3.11.2007

american invasion

I have another thought to share from The Promised Land.

Immigration to Western Canada was planned, purposely and methodically, by the federal government, both to create farms to feed the East, and to increase the market for Eastern-made goods. Immigrants were lured to Canada with the promise of freedom: free land, and freedom from the semi-feudal system that was still entrenched in Europe. The settlers came mostly from Eastern Europe, Sweden, Germany, and Britain.

They also came from the US - where land was extremely expensive and trade was controlled by monopolies - in droves. In the early part of the 20th Century there was "an American invasion" that helped shape Western Canada. Americans, with their money, their optimism and their industriousness, were very welcome in Western Canada (as long as they were white).

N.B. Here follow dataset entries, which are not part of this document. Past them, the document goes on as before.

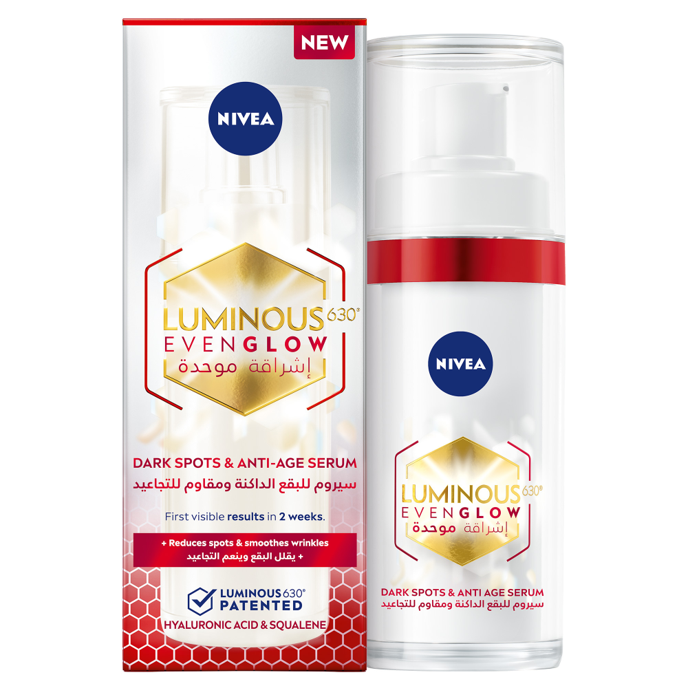 نيفيا لومينوس ايفن جلو سيروم للبقع الداكنة ومقاوم للتجاعيد 30مل - إشراقة طبيعية بشرتك نيفيا لومينوس ايفن جلو سيروم هو الحل المثالي للتخلص من البقع ...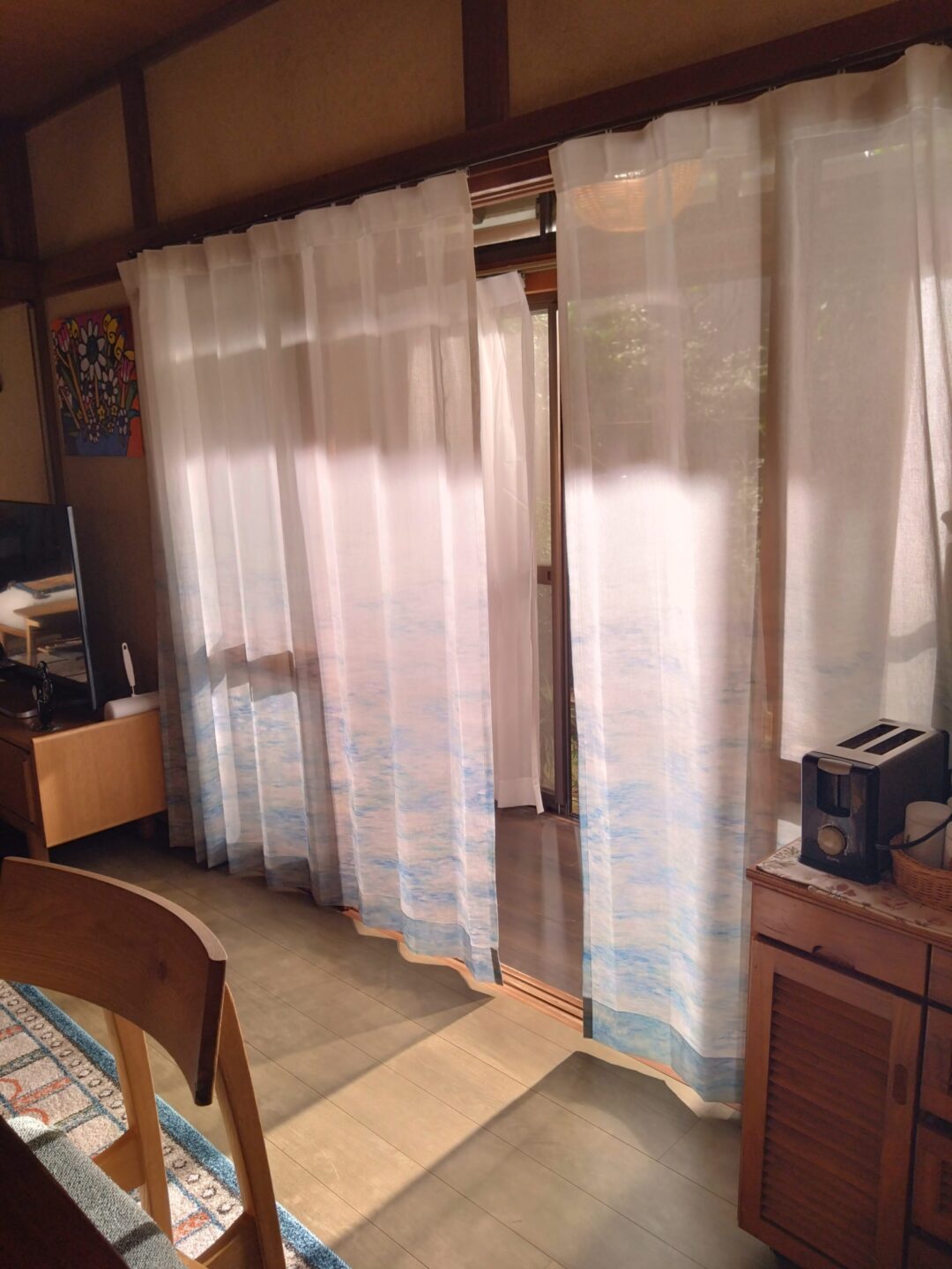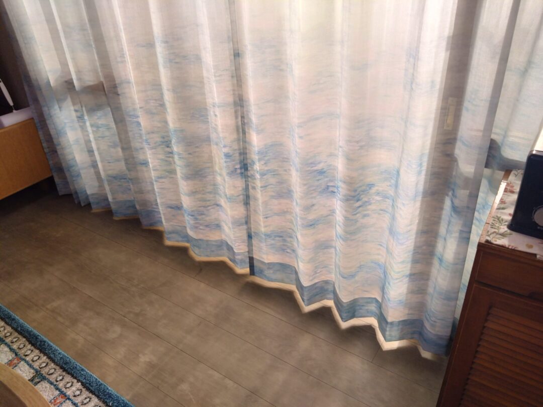 ボトム部分に水面を思わせる風景を水彩タッチで抽象的に描いた透明感のあるシアーカーテンをお納めさせて頂きました。縁側の窓辺を通して柔らかい日差しが差し込んできます。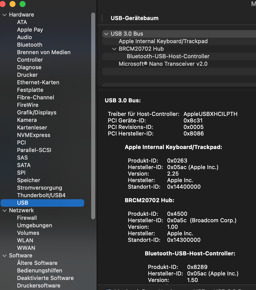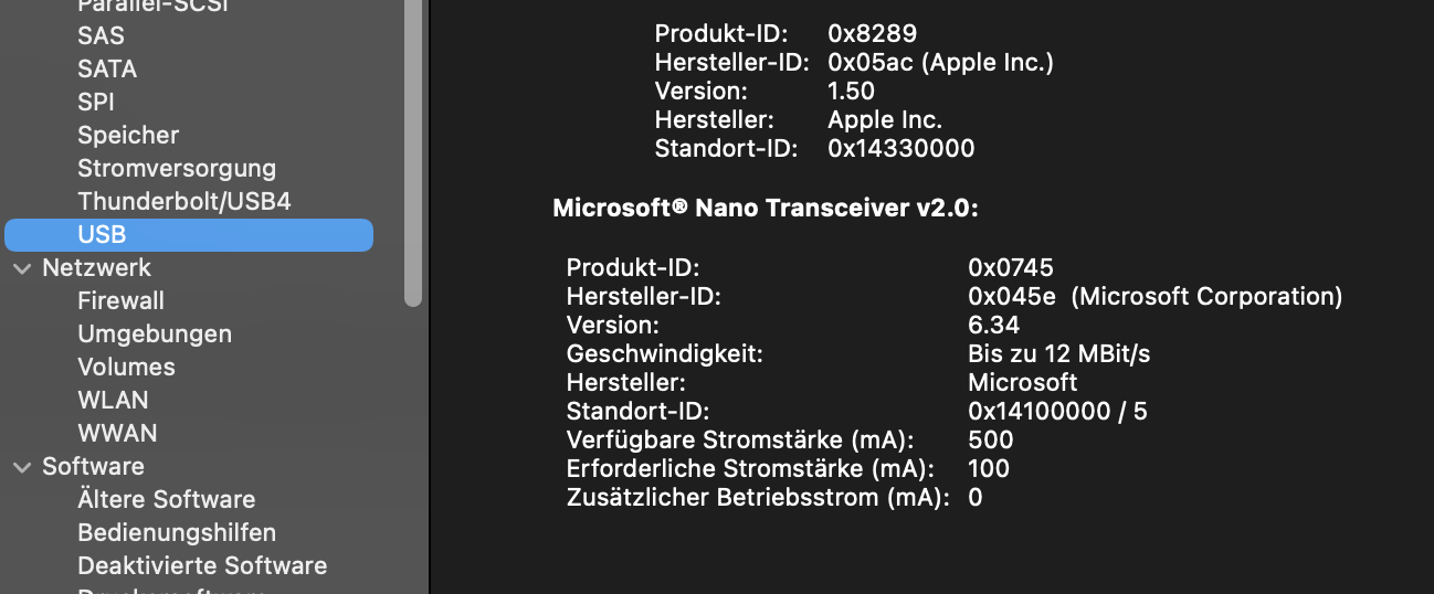 leider sehe ich bei dem Systembericht - Hardware - USB oder auch thunderbold keine Veränderungen. Egal was ich einstecke..... Es sind am Mac Air ja nur noch zwei USB 4 Anschlüsse vorhanden....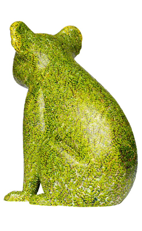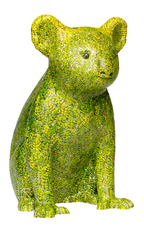 In Australian gardens this shrub is often used as a clipped garden hedge. The shrub is also ideal for clipping into well-defined formal shapes and topiary. My painted sculpture has the shape, texture, colour and appearance of a topiary koala.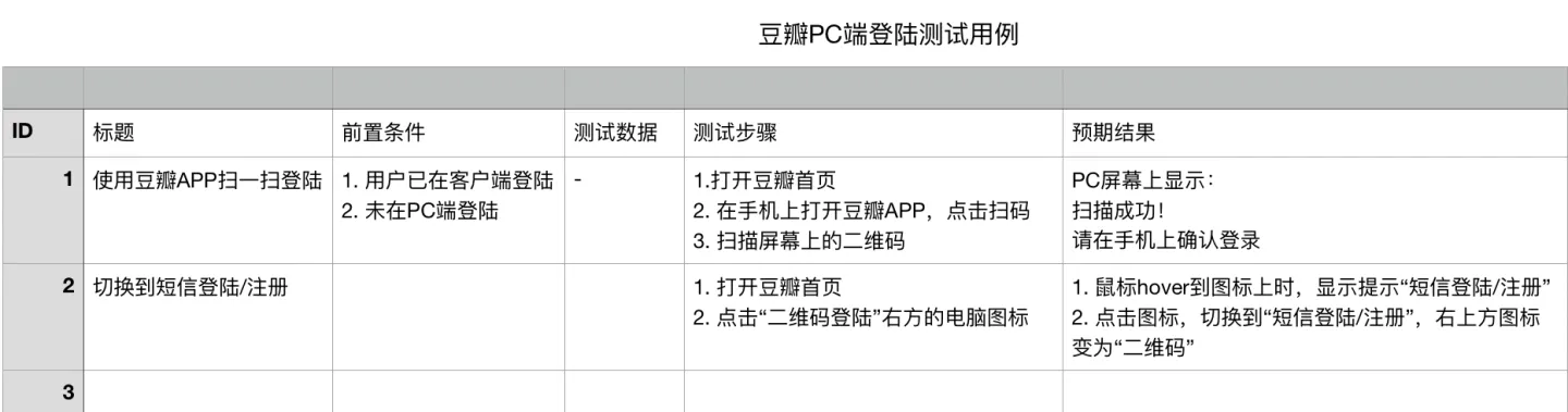 下面的示例是“豆瓣PC端登陆功能”的测试用例: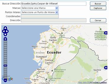Esta opción me permite obtener las Coordenadas y la dirección de destino, para poder buscar la dirección debemos ingresar el País, Cuidad, y Calle principal todo esto separado por una coma, una vez que ya ingresamos la dirección a buscar damos click en el botón Buscar y nos desplegara las coordenadas y la dirección y en el mapa podremos observar nuestro destino.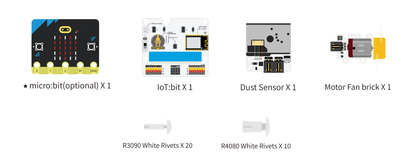 The ELECFREAKS Classroom Smart Air Purifier Kit includes components such as the IOT: bit expansion board, motor fan, and dust sensor. These components can achieve rich functions and perfectly match with the micro: bit development board, allowing you to explore more interesting smart homemaker projects.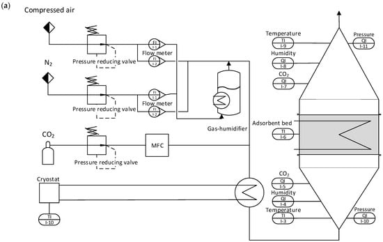 All CO2 adsorption measurements were conducted in an aluminum fixed bed column. Approximately 500 g of adsorbent inside the column was tightly packed and fixed in position with wire meshes. The adsorbent was fully desorbed after each adsorption step. All experiments were carried out using TVSA. The experiment consisted of the adsorbent loading and regeneration phase. The adsorbent loading or adsorption phase was initiated by introducing a CO2/N2- or H2O/N2-loaded air stream for the pure component adsorption data or a CO2/H2O-loaded air stream for the co-adsorption data. During each adsorption step, all operating parameters were kept constant and were recorded at 2 s intervals. Equilibrium was reached when the partial pressure of CO2 measured by sensors before and after the adsorbent bed was consistent, indicating that no further adsorption or desorption was occurring. Various heating and cooling systems were used to ensure isothermal conditions during adsorption. The fluidizing humidifier (bubbler) was held at a constant temperature using a PID controller. The separated dry and humid gas streams are reunited before passing through a heat exchanger, which is temperature-controlled via a cryostat.

There was, of course, the usual fears of annexation, but not necessarily among Canadians.
The American invasion caused considerable soul searching on both sides of the Atlantic. What would be the result of all this influx? It was certainly changing the West; would it change Canada? Would the nation become "Americanized", or, worse still, would it become part of the United States? Many Americans thought so. Would the American presence mean a loosening of Imperial bonds? Many Britons believed it would. Or would the West become a separate nation, neither British nor American? The American frontier novelist James Oliver Curwood was convinced of that. "A new nation," he declared, "will be born in the West, formed of the very flesh and blood of the United States." As Curwood noted in Alberta, "every town is hustling with American spirit" and former Americans were entering politics, becoming reeves and councillors in Alberta communities.

The general attitude south of the border was that the [Canadian] West would soon be part of the United States. The Saturday Evening Post referred to Alberta as "the Yankee province." Such Eastern papers as the Brooklyn Eagle, the New York Post, and the Detroit Journal were convinced that annexation was inevitable. Western American politicians echoed these sentiments. Senator Moses E. Clapp of Minnesota thought the union would come as the result of assimilation. Marsh Murdock, the powerful Republican congressman from Kansas, was for outright capture. The Governor of North Carolina predicted a struggle that would result in "one great republic under the government of what is now the United States."

Such a possibility failed to raise the hackles of Canadians, giddy from the prosperity the Americans were bringing. [Influential newspaper editor] John Dafoe said he "saw no sign that Westerners viewed the invasion with any feeling
of dread". Frederick Haultain, the Premier of the North West Territories, agreed that there was no political danger in the influx. The Toronto Globe was worried at first: five out of eight Alberta newspapers were edited by former Americans. It sent a reporter out, west only to be told that the editorial ideas expressed were no different from those of other Canadian newspapers.

The Americans in the West, in fact, turned out to be among the most enthusiastic Canadians. "It is the Americans rather than the Canadians who show jealousy at the flocking in of people of other nationalities and raise the cry of 'Canada for the Canadians'," the national president of the British Brotherhood Movement discovered during a trip to Canada. Those Americans who were not European-born or ex-Canadians were, in the words of Dr. Peter Bryce, chief medical inspector for the Immigration Department, "accidental" rather than "essential" Americans. This type of American, Bryce explained, "came to the [American] West for bread, and not for liberty; he will come north into Canada for bread, regardless of national flag or tradition."

It was the British in Canada and the British press in the mother country who worried about the effects of the American invasion. British periodicals and newspapers were concerned about the dilution British blood in Western Canada, the "loosening of ties," as a writer in the Fortnightly Review called it. The Americans might make good Canadians, he wrote, but would they become loyal subjects of the Empire?